The Correct Option is D

Given equation:
\[ r^2 + 2r + 6 = 0 \]
We rewrite the expression $(r+2)(r+3)(r+4)(r+5)$ by grouping terms:
\[ (r+2)(r+5) \cdot (r+3)(r+4) \]
Compute the first pair:
\[ (r+2)(r+5) = r^2 + 7r + 10 \]
Compute the second pair:
\[ (r+3)(r+4) = r^2 + 7r + 12 \]
Let
\[ A = r^2 + 7r \]
Then the product becomes:
\[ (A + 10)(A + 12) \]
Expand:
\[ A^2 + 22A + 120 \]
Now compute $A = r^2 + 7r$ using the given equation.
From the quadratic:
\[ r^2 = -2r - 6 \]
Substitute into $A$:
\[ A = (-2r - 6) + 7r = 5r - 6 \]
Now compute $A^2$:
\[ A^2 = (5r - 6)^2 = 25r^2 - 60r + 36 \]
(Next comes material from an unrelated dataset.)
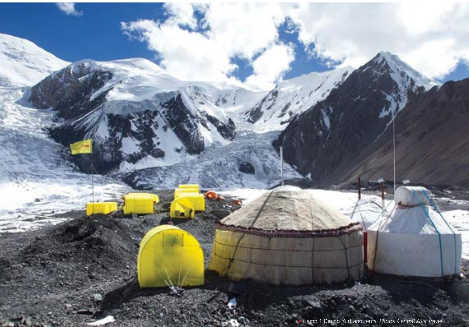
▲ Camp 1 Dining Yurt and tents.

Climbers must be prepared to encounter extreme weather conditions including cold temperatures and high winds, as well as the effects of extreme altitude.

Substitute $r^2 = -2r - 6$:
\[ A^2 = 25(-2r - 6) - 60r + 36 \]
\[ A^2 = -50r - 150 - 60r + 36 \]
\[ A^2 = -110r - 114 \]
Now compute the full expression:
\[ A^2 + 22A + 120 = (-110r - 114) + 22(5r - 6) + 120 \]
Compute the $22A$ term:
\[ 22(5r - 6) = 110r - 132 \]
Combine all:
\[ (-110r - 114) + (110r - 132) + 120 \]
The $r$ terms cancel out:
\[ -114 - 132 + 120 = -126 \]
Thus, the value of the expression is −126.